Reproducing Nate Silver's regression analysis on COVID death rates
⋅ 12 minute read
I spent some time recently studying causal inference methods. Two great resources for this are:
- Causal Inference for The Brave and True (frequentist view)
- Statistical Rethinking (Bayesian view).
When I learn about an unfamiliar topic, I will always try to look for real-world examples. In this case I keep my eyes open about articles sharing statistical findings, where I can attempt to reproduce the results.
In Nate Silver’s recent article Fine, I’ll run a regression analysis. But it won’t make you happy he shows the effect of state partisanship and COVID vaccination rates on COVID death rates. The models used are simple linear regressions with one to three independent variables (partisanship, age, vaccination rates).

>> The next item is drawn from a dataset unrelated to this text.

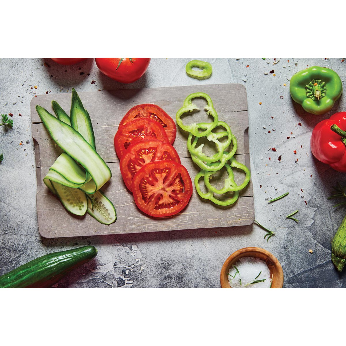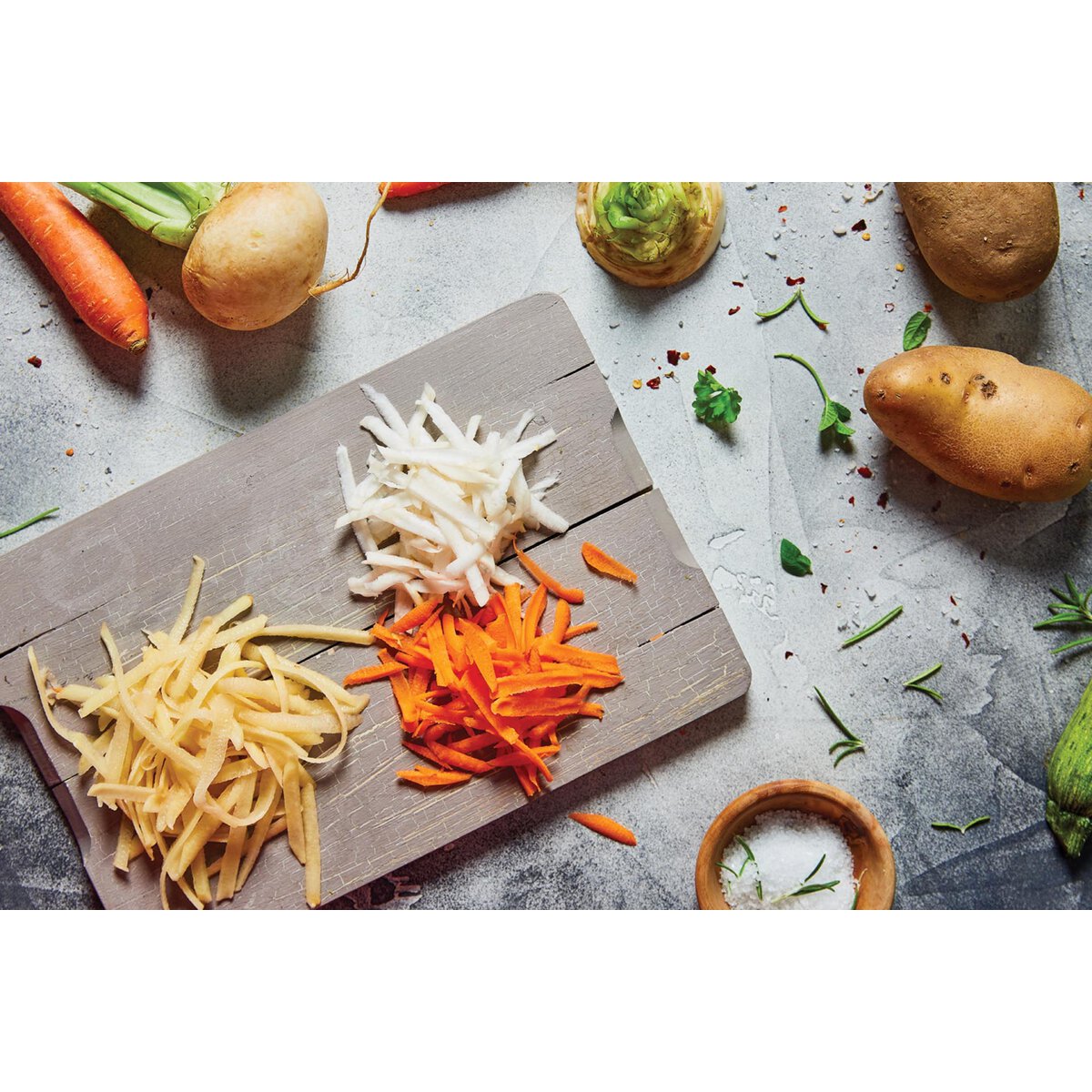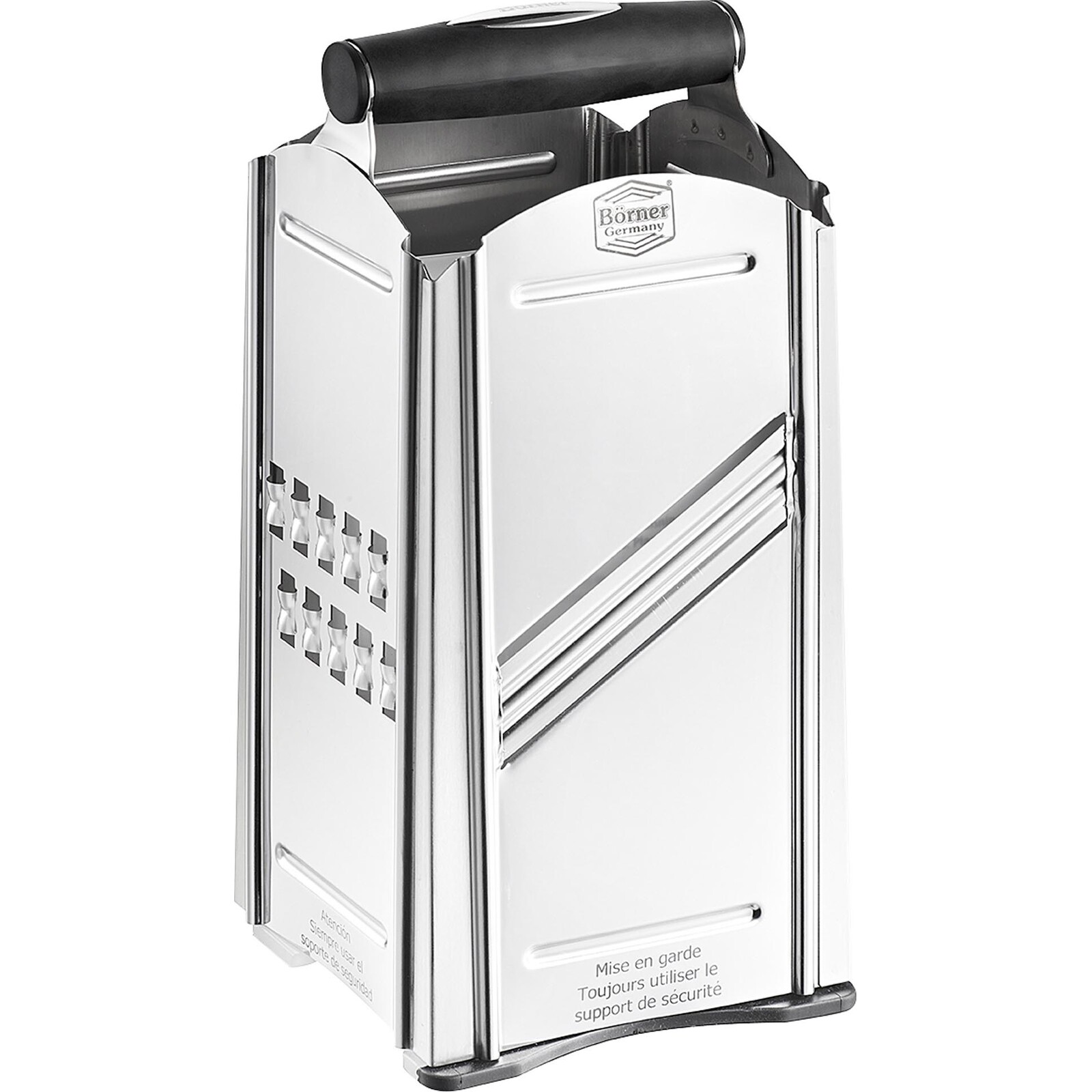 Vierkantreibe aus Edelstahl. Durch den Scheibenschneider, Julienne-/Rohkostschneider, die Reibe und Rösti-Reibe, sind vier Funktionen in einem Produkt vereint. Lieferumfang: Edelstahlreibe, innenliegende Auffangschale aus Kunststoff und Fruchthalter. BxHxT: 13x26x13cm.

Silver’s point in the article is only partially about his finding that state partisanship is a good predictor for COVID death rates in that state. Instead, he tries to dismiss critics that argue that simple models are not valid when they leave out additional variables, e.g. age, co-morbidities. While he agrees that one has to justify a particular model design, simple models can deliver true insights while standing up to scrutiny. Moreover he adds that “there’s a general tendency [in the profession] to overfit models.”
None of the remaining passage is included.